**RECORDS SUPPLIED**
((

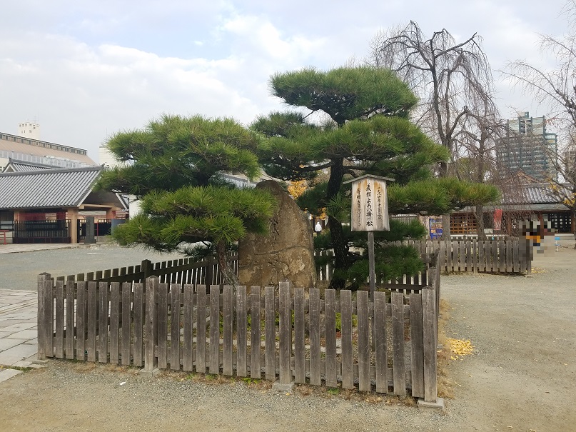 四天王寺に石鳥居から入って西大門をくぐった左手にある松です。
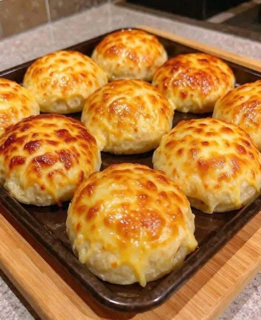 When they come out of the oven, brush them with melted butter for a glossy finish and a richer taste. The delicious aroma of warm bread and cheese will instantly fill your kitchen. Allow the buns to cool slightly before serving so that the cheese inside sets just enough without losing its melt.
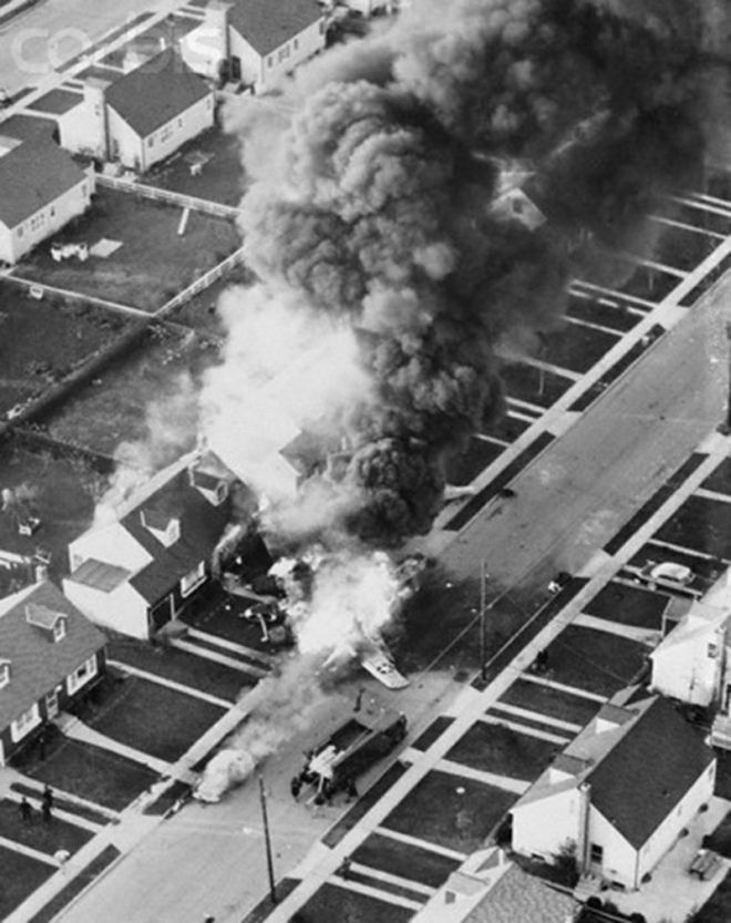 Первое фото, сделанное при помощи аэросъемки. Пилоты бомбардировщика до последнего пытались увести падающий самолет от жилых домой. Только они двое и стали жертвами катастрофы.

))
((

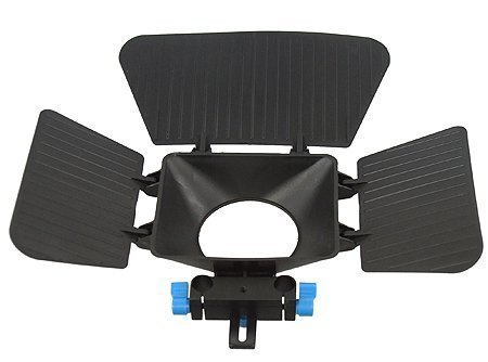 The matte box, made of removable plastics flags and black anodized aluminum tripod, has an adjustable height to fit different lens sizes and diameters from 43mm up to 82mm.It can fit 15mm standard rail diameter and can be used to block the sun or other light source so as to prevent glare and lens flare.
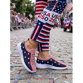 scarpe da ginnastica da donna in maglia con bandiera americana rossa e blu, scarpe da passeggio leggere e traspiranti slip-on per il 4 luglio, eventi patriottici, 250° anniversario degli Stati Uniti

))
((

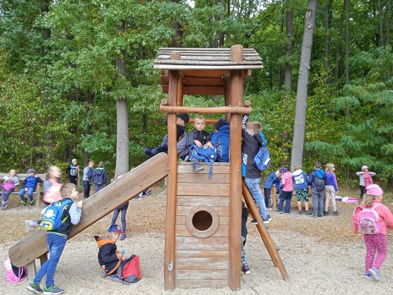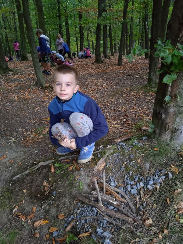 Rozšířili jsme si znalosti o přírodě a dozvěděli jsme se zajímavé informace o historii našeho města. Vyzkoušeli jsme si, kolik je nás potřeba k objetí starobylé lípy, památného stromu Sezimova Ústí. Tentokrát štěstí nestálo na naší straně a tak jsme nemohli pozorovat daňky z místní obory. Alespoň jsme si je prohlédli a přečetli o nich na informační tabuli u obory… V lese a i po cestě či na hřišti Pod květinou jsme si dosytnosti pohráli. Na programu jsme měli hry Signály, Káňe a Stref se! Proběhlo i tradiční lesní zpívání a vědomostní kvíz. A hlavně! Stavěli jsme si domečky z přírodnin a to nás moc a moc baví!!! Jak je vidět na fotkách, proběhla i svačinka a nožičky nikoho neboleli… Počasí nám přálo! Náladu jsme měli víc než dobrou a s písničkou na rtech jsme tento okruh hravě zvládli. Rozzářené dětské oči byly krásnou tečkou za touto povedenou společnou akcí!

))

From the material above, give again exactly the lines from the one that contains "The matte box, made" through the one that contains "scarpe da ginnastica", and leave out the pictures.

 The matte box, made of removable plastics flags and black anodized aluminum tripod, has an adjustable height to fit different lens sizes and diameters from 43mm up to 82mm.It can fit 15mm standard rail diameter and can be used to block the sun or other light source so as to prevent glare and lens flare.
 scarpe da ginnastica da donna in maglia con bandiera americana rossa e blu, scarpe da passeggio leggere e traspiranti slip-on per il 4 luglio, eventi patriottici, 250° anniversario degli Stati Uniti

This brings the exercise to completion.